What you have to do:
Your output should be the lines below from the one holding "After Glow Up" through the one holding "Die Hörnerbahn in", transcribed exactly, with no pictures.

Material for the task:
↓↓↓

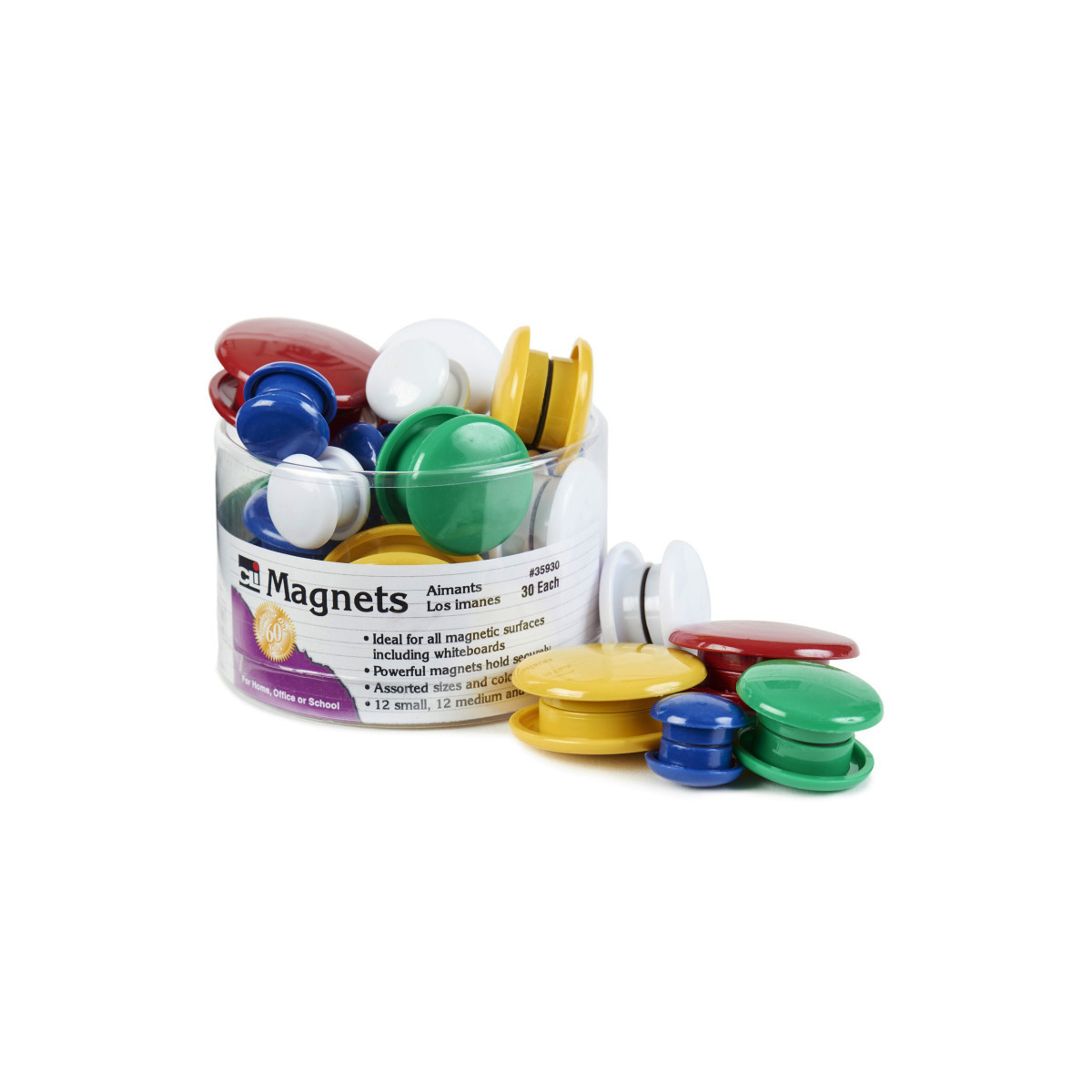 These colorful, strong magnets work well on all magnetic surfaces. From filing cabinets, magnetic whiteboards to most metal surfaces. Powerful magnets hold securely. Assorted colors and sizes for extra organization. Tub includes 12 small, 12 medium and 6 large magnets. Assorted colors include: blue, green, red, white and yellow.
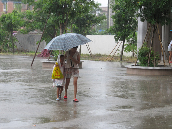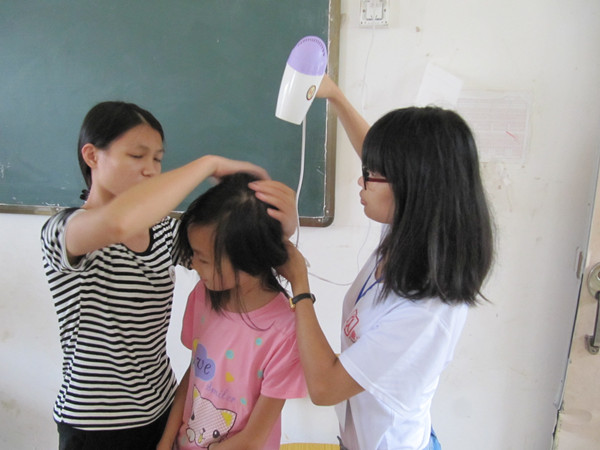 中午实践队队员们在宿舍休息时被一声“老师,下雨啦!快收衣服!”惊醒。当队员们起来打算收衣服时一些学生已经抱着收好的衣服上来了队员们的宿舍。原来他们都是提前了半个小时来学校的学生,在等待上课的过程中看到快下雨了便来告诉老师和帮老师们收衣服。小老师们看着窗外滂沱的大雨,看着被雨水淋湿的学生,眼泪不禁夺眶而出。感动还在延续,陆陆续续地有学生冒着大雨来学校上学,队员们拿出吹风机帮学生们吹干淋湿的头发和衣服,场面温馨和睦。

↑↑↑
↓↓↓

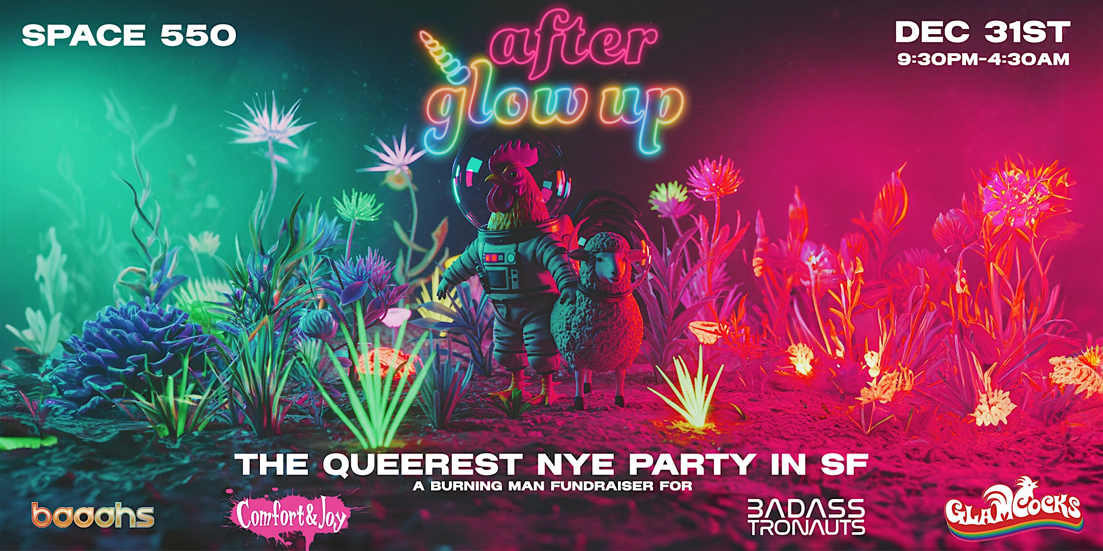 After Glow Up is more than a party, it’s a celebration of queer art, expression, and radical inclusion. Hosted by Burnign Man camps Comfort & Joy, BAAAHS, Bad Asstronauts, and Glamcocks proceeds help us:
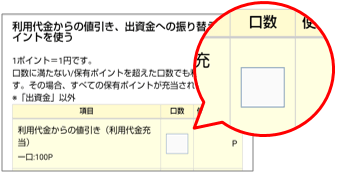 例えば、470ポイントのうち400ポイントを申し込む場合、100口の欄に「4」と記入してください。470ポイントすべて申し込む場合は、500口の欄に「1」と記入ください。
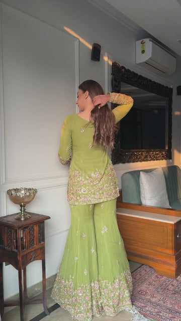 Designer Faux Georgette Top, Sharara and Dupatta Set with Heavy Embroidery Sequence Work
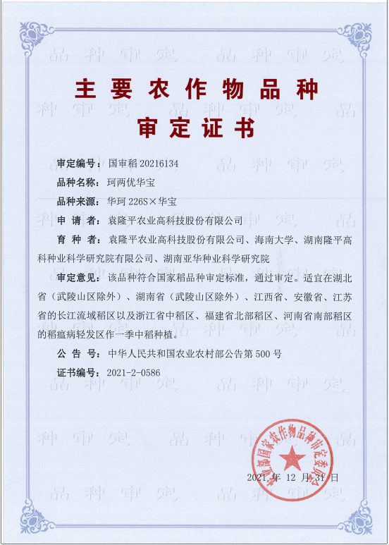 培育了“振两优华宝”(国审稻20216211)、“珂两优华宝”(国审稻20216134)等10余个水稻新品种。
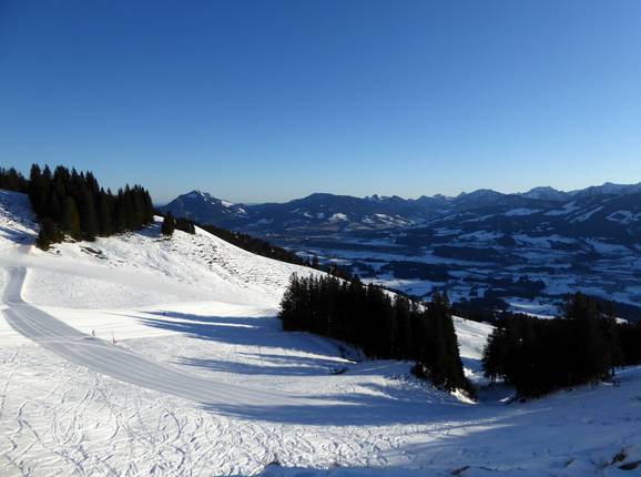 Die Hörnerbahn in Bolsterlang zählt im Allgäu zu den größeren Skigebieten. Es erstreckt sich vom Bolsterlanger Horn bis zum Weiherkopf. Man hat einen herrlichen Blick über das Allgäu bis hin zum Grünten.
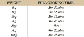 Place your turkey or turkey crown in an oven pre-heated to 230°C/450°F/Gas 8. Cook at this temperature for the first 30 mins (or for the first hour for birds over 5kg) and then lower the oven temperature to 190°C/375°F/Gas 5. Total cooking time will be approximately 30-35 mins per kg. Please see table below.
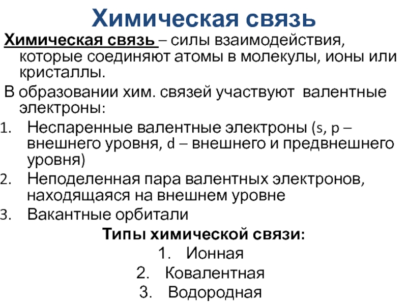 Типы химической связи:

↑↑↑

Result of the exercise:
 After Glow Up is more than a party, it’s a celebration of queer art, expression, and radical inclusion. Hosted by Burnign Man camps Comfort & Joy, BAAAHS, Bad Asstronauts, and Glamcocks proceeds help us:
 例えば、470ポイントのうち400ポイントを申し込む場合、100口の欄に「4」と記入してください。470ポイントすべて申し込む場合は、500口の欄に「1」と記入ください。
 Designer Faux Georgette Top, Sharara and Dupatta Set with Heavy Embroidery Sequence Work
 培育了“振两优华宝”(国审稻20216211)、“珂两优华宝”(国审稻20216134)等10余个水稻新品种。
 Die Hörnerbahn in Bolsterlang zählt im Allgäu zu den größeren Skigebieten. Es erstreckt sich vom Bolsterlanger Horn bis zum Weiherkopf. Man hat einen herrlichen Blick über das Allgäu bis hin zum Grünten.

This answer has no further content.